Add robots.txt to your WordPress site
- Release Date: October 29, 2022
Webmasters who have had a little exposure to SEO should know the robots protocol (also known as crawler protocol, crawler rules, robot protocol, etc.), which is the robots.txt file usually added to the root directory of the website. Its function is to tell search engines which The pages can be crawled and which pages cannot be crawled, so as to optimize the indexing results and weight of the website.
If there is no robots.txt in the root directory of your website , you can create one. For the specific writing method, please refer to Google Encyclopedia . Here is a basic WordPress robots protocol:
User-agent: *
Disallow: /feed/
Disallow: /trackback/
Disallow: /wp-admin/
Disallow: /wp-content/
Disallow: /wp-includes/
Disallow: /xmlrpc.php
Disallow: /wp-
Allow: /wp-content/uploads/
Sitemap: http://example.com/sitemap.xml
The following mainly introduces the function of WordPress to automatically create virtual robots.txt.
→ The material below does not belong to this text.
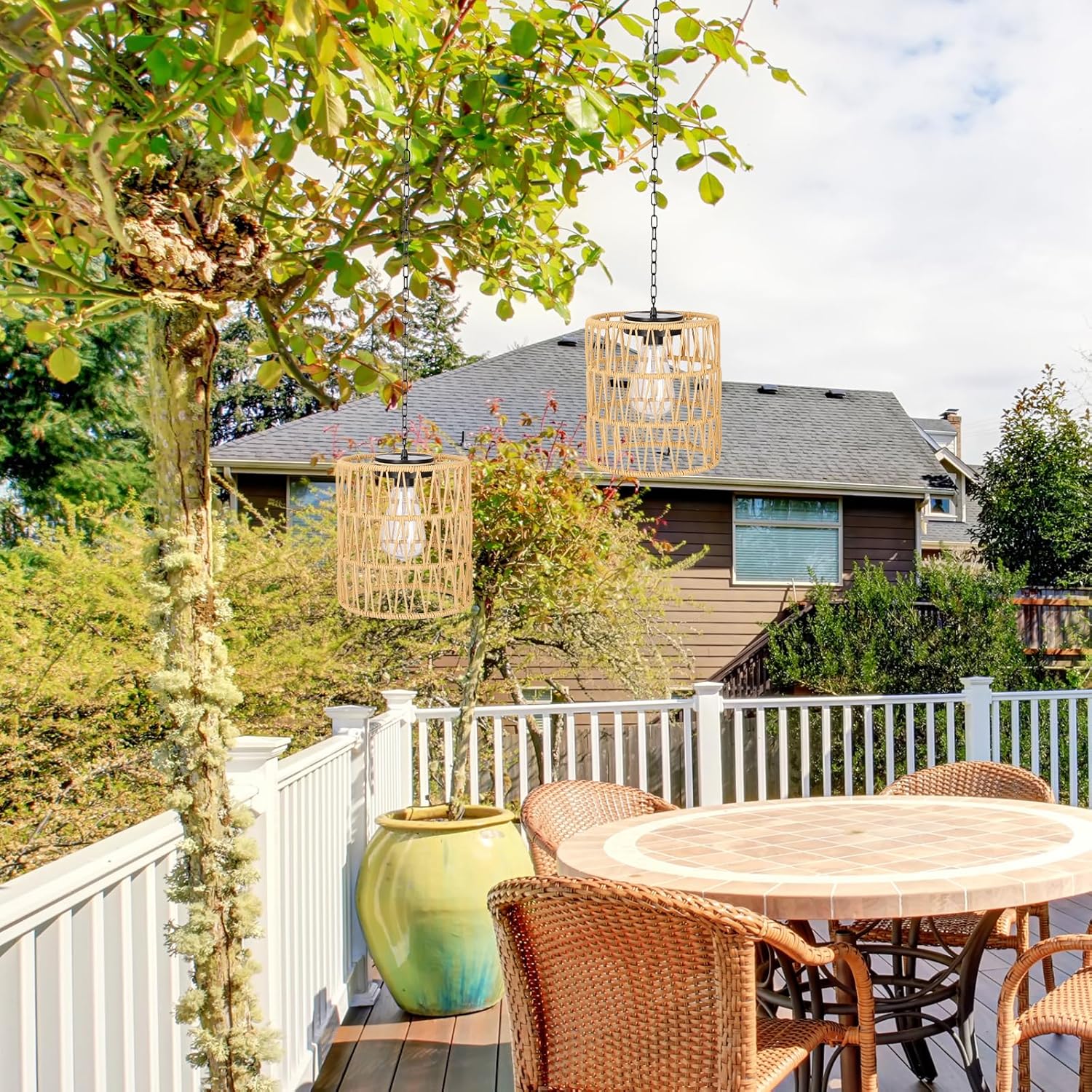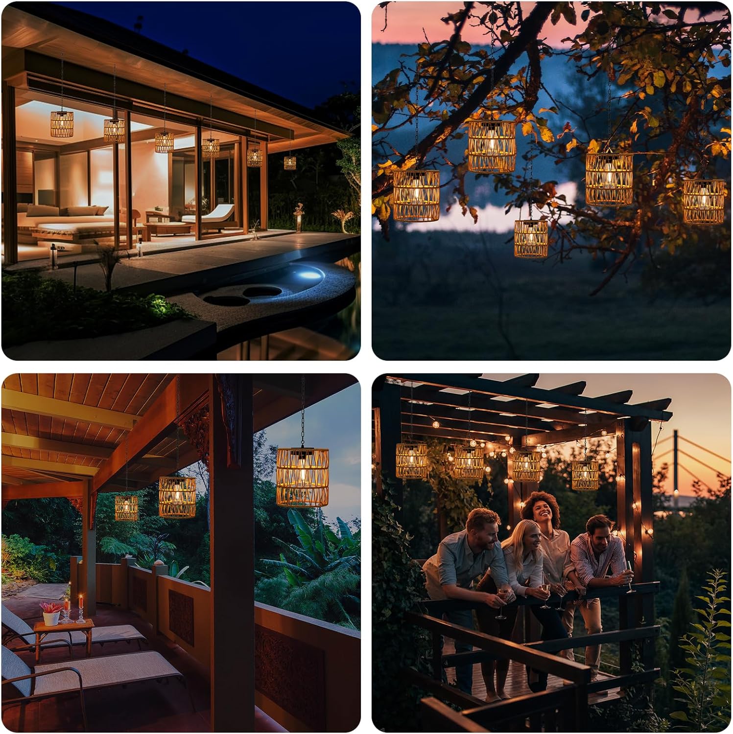 Livinlarge Solar Chandelier Lantern,Outdoor Rattan Pendant Lights,Waterproof Boho Hanging Lamps with Edison Bulb for Gazebo Tree Porch Yard Porch Patio Garden Backyard Decor

If the real robots.txt does not exist in the root directory of your website, you can let WordPress automatically create a virtual robots.txt (this file will not exist, but it works fine when visiting http://yoursite.com/robots.txt show)
Just add the following code to your theme’s functions.php:
/**
Add robots.txt to your WordPress site
https://www.w3diary.com/add-robots-txt.html
*/
add_filter ( ‘robots_txt’ , ‘robots_mod’ , 10 , 2 );
function robots_mod ( $output , $public ) {
$output .= “Disallow: /user/” ; // Disallow pages containing /user/ in the link
return $output ;
}
Note: If you want to add more rules, please copy line 7 of the above code and modify it.
Visit http://yoursite.com/robots.txt we can see the following:
User – agent : *
Disallow : /wp-admin/
Disallow : /wp-includes/
Disallow : /user/
In other words, WordPress has added the first 3 lines of rules by default.
robots.txt is involved in the inclusion of websites, so make sure you understand how it’s written and make sure every rule is correct!